CLT-009 is an allogeneic megakaryoid progenitor (MKP) cell therapy in preclinical development for the treatment of severe thrombocytopenia in oncology indications and the ARS. The target patient population includes those at risk of life-threatening bleeding following radiation exposure or radio- and/or chemotherapy.
CLT-009 is a MKP cell product derived from pooled, normal HSC, like CLT-008. The CLT-009 manufacturing process is similar to the process for CLT-008 except that the ex vivo culture conditions promote the differentiation and expansion of HSC into megakaryoid instead of myeloid progenitor cells. CLT-009 contains Multipotent Progenitors (MPP, CD34+CD90+) and early (CD34+CD41+CD42neg) and late (CD34+CD41+CD42+) MKPs. Like CLT-008, CLT-009 is intended to be a universal 'off-the-shelf' cell therapeutic that temporarily produces platelets for the period of time when the patient's own bone marrow progenitor cells are unable to produce platelets.
When CLT-009 is injected into sub-lethally irradiated immunocompromised mice, human platelets are detected in the blood by 7 days, peak around day 14, and can still be found as long as 4 weeks after infusion.
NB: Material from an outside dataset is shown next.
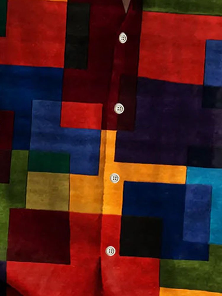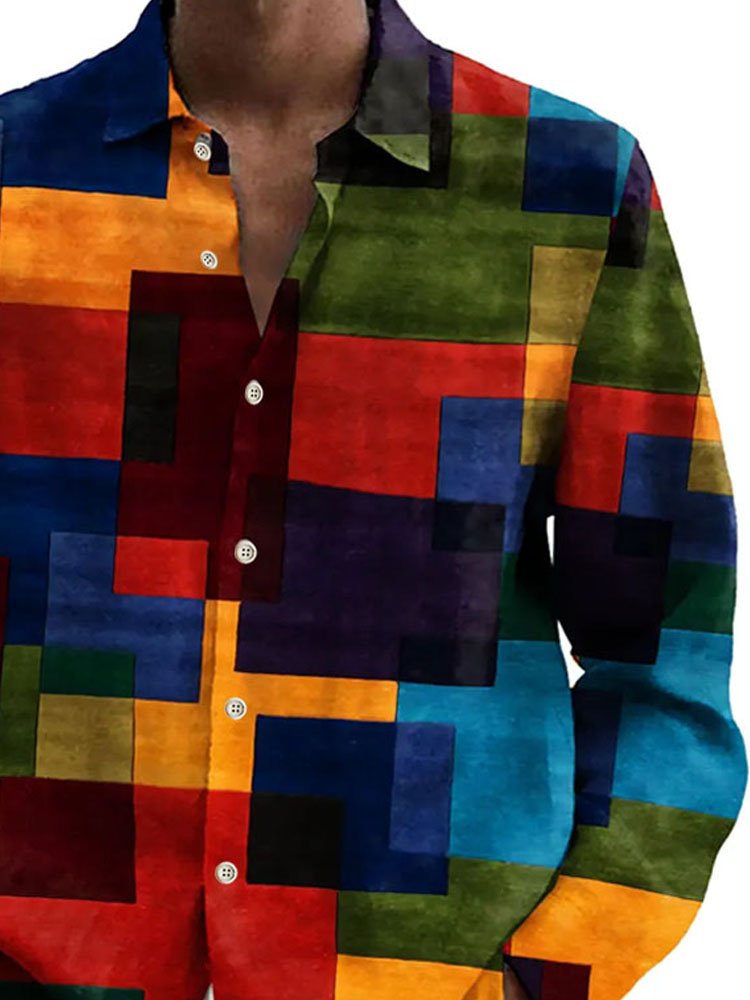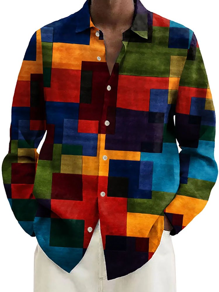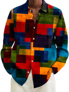 Camisa de manga larga con bolsillo y botones para hombre con estampado digital 3D y bloques de colores geométricos retro de Alohadaddy

Platelet levels are increased 3-5-fold with the co-administration of thrombopoietin, a cytokine that promotes MKP maturation and platelet production. Additionally, the platelets produced in this model have been shown in vitro to be functional by ADP activation, similar to platelets isolated from human blood.
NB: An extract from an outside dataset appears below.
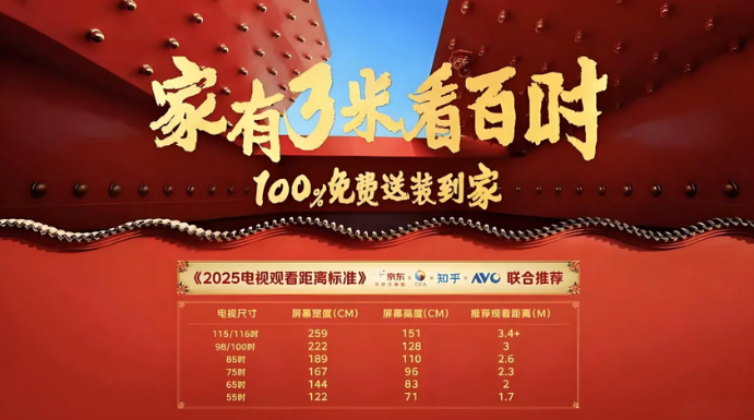 原标题:大屏消费进入标准时代!京东携知乎等权威机构发布《2025电视观看距离标准》,科学选配电视尺寸

Thrombocytopenia is a condition in which there is a deficiency of platelets in the blood. Platelets are small, anuclear cells that are an important component of blood clotting and the immune response and are produced by megakaryocytes in the bone marrow. A healthy person will have approximately 150-450 million platelets per milliliter of blood and uncontrolled bleeding may occur when platelet levels drop below 10 million per milliliter. Thrombocytopenia may be caused by chemo- or radiation therapy for the treatment of cancer since these treatments kill normal dividing cells, such as MKPs, as well as the tumor cells. Individuals exposed to radiation from a nuclear accident or terrorist act may also become severely thrombocytopenic through the destruction of their bone marrow. In cancer patients, chemo- or radiation therapy induced thrombocytopenia may be treated with transfusions of donor platelets. Although platelet transfusions are effective in raising platelet levels, donors must be continuously recruited since platelets cannot be stored for more than 4-5 days nor can they be frozen. Additionally, platelets must be stored at room temperature which increases the risk of bacterial outgrowth. Lastly, cancer patients may need as many as a dozen transfusions during the course of their cancer treatment because platelets only circulate for about 7 days before they are removed from the blood. Repetitive donor platelet infusions often result in patients developing resistance to donor platelet infusions such that the treatment becomes less and less effective while undesirable side effects increase with each transfusion.
The CLT-009 program is in preclinical development focusing on improving the in vitro generation of MKPs to produce a more potent product for in vivo pre-GLP studies and clinical trials. This program is funded by a National Cancer Institute (NCI) Small Business Innovation Research (SBIR) grant.